Indices and tables

tprojection

class tprojection.core.Tprojection(df, target, feature, target_type='', feature_type='', target_modality='', nb_buckets=0, n_estimators=1, continuous_threshold=0.05)[source]

this class allows to study the relation between the target and a single feature, with the specificity to display a chart type adapted to the type of the input variables (categorical or continuous)

Parameters:
  • df (pandas DataFrame) –
  • target (string) –
  • feature (string) –
  • target_type (string) – can take the values “categorical” or “continuous”
  • feature_type (string) – can take the values “categorical” or “continuous”
  • target_modality (string) – will be used for multiclass problem (not implemented yet)
  • nb_buckets (int (0)) – if > 0, encode feature on nb_buckets dummy modalities if the cardinality is to high
  • n_estimators (int (1)) – if > 1, use boostrapping to evaluate estimator variance (only relevant for categorical target and features)
tprojection.utils.get_encoding(df, target, feature, nb_buckets)[source]

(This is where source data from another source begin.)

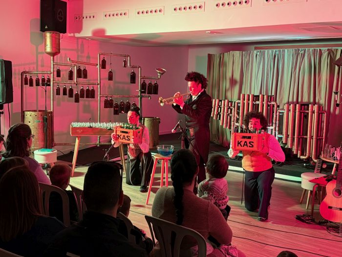 Sobre el escenario, tres músicos guiaron al público infantil por un viaje a través de la historia de la música clásica, explicada con mucho humor, ritmo y cercanía. Instrumentos de viento y percusión, tradicionales y otros de factura casera, convivieron en un espectáculo divertido, creativo y muy ingenioso, que convirtió el aprendizaje musical en un juego lleno de sorpresas y carcajadas. Una forma de despertar la curiosidad y el gusto por la música y el teatro desde edades tempranas.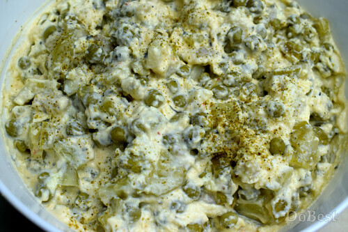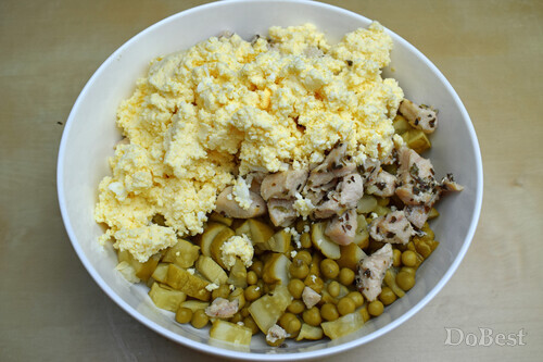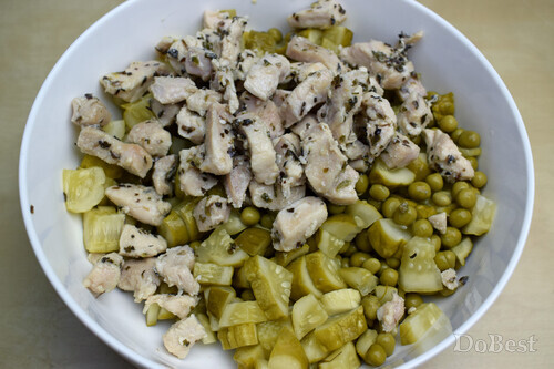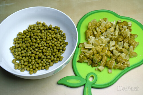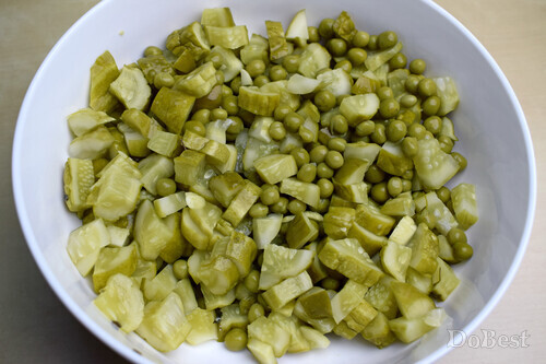 Нарезать кубиками маринованные огурцы и добавить к горошку.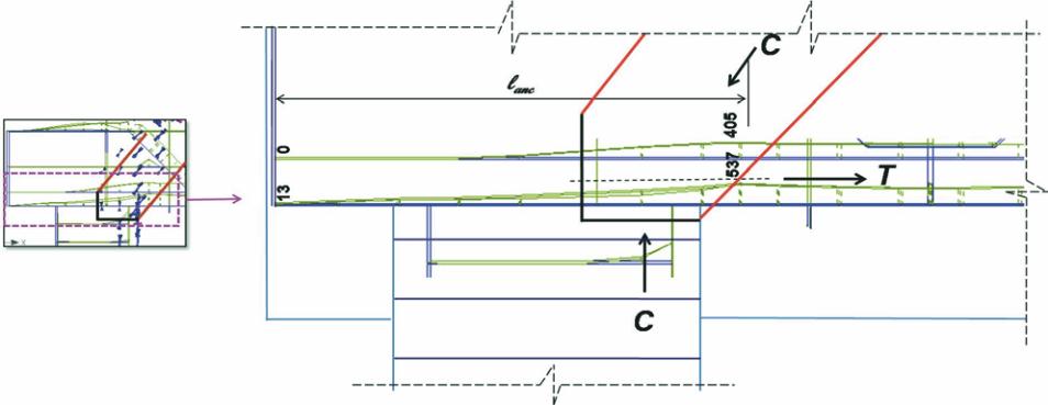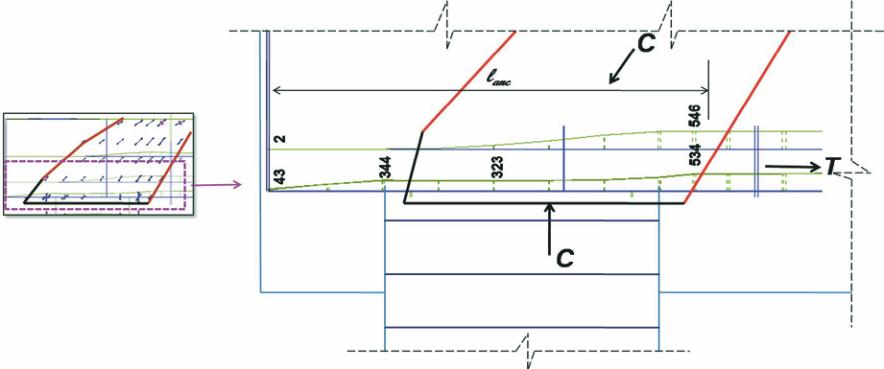 Figura 17 – Comprimento de ancoragem e tensões atuantes (em MPa) nos tirantes na região

Encode the feature modalities on a maximum of nb_buckets

Parameters:
  • df (pandas DataFrame) –
  • target (str) –
  • feature (str) –
  • nb_buckets (int) –
Returns:

Return type:

Dict()

tprojection.utils.is_continuous(s, thresh)[source]

Return true if the series is continuous

Parameters:
  • s (pandas Series) –
  • thresh (float) –
Returns:

Return type:

Boolean

tprojection.datasets.load_data(dataset)[source]

load test dataset, possible options are: - titanic

Parameters:dataset (str) – required dataset
Returns:
Return type:pandas DataFrame